Catecismo maior de Lutero – Sexto mandamento

07/07/2017 08:00

“Não adulterarás.” (Êxodo 20.14) / “Não cometa adultério.” (Catecismo Menor).

Fica expresso aqui que ao próximo não se deve causar desonra em sua esposa. Isso visa principalmente ao adultério, porque o povo judeu era organizado de tal forma que todos tinham que ser casados. Por isso também os jovens eram casados o mais cedo possível. O estado civil de solteiro não tinha valor, também não se permitia a prostituição e devassidão pública como agora. Por isso, o adultério entre eles era considerado a mais vil incastidade.

Como entre nós reina essa infame e imunda babilônia de depravação e libertinagem, este mandamento também está colocado contra toda falta de castidade. A proibição se aplica não somente ao ato exterior, mas também a todas as suas causas, estímulos e meios: o coração, a boca e o corpo inteiro devem ser castos, não devem ceder espaço à incastidade. (Mateus 5.27,28) “Vocês ouviram o que foi dito: “Não cometa adultério”. Mas eu lhes digo: quem olhar para uma mulher e desejar possuí-la já cometeu adultério no seu coração.”

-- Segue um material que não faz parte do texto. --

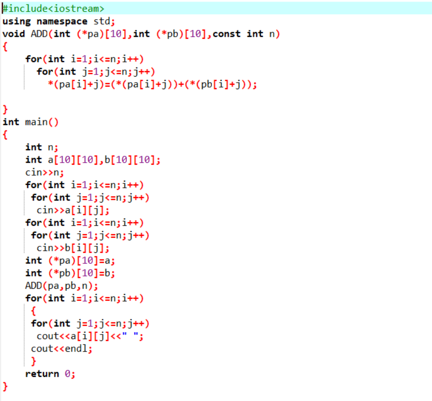 实现函数 void ADD(int (*pa)[10],int(*pb)[10],const int n)

Também se deve resguardar, impedir e resgatar seu próximo quando houver risco e necessidade, ajudando e recomendando que mantenha a dignidade. Pois se você se omitir quando poderia impedi-lo, você terá tanta culpa quanto o próprio envolvido. 

Este mandamento está voltado justamente para as pessoas casadas e sugere que se fale a respeito do matrimônio. Deus prestigia e exalta muito o matrimônio, uma vez que, por meio do seu mandamento, Ele o confirma e preserva. 

Por isso Ele também quer que nós o respeitemos, o preservemos e nele vivamos como num estado divinamente qualificado, bem-aventurado, pois Deus o instituiu antes de todos os outros estados e criou homem e mulher diferentes um do outro não para a molecagem, mas para manter a união, ser fecundos, gerar filhos, alimentar-nos e educar-nos para a glória de Deus. Por isso o estado de casado é o mais abençoado por Deus, tendo investido nele tudo o que há no mundo, para que sempre esteja ricamente provido.

A vida conjugal não é assunto para brincadeira ou curiosidade atrevida, mas algo excelente, muito sério para Deus.

Por isso sempre ensinei que não se deve desprezar nem falar mal do casamento, como faz nosso falso clero e o mundo em sua cegueira; e, sim, se deve considerá-lo em conformidade com a Palavra de Deus, que o descreve em termos muito positivos e o declara sagrado.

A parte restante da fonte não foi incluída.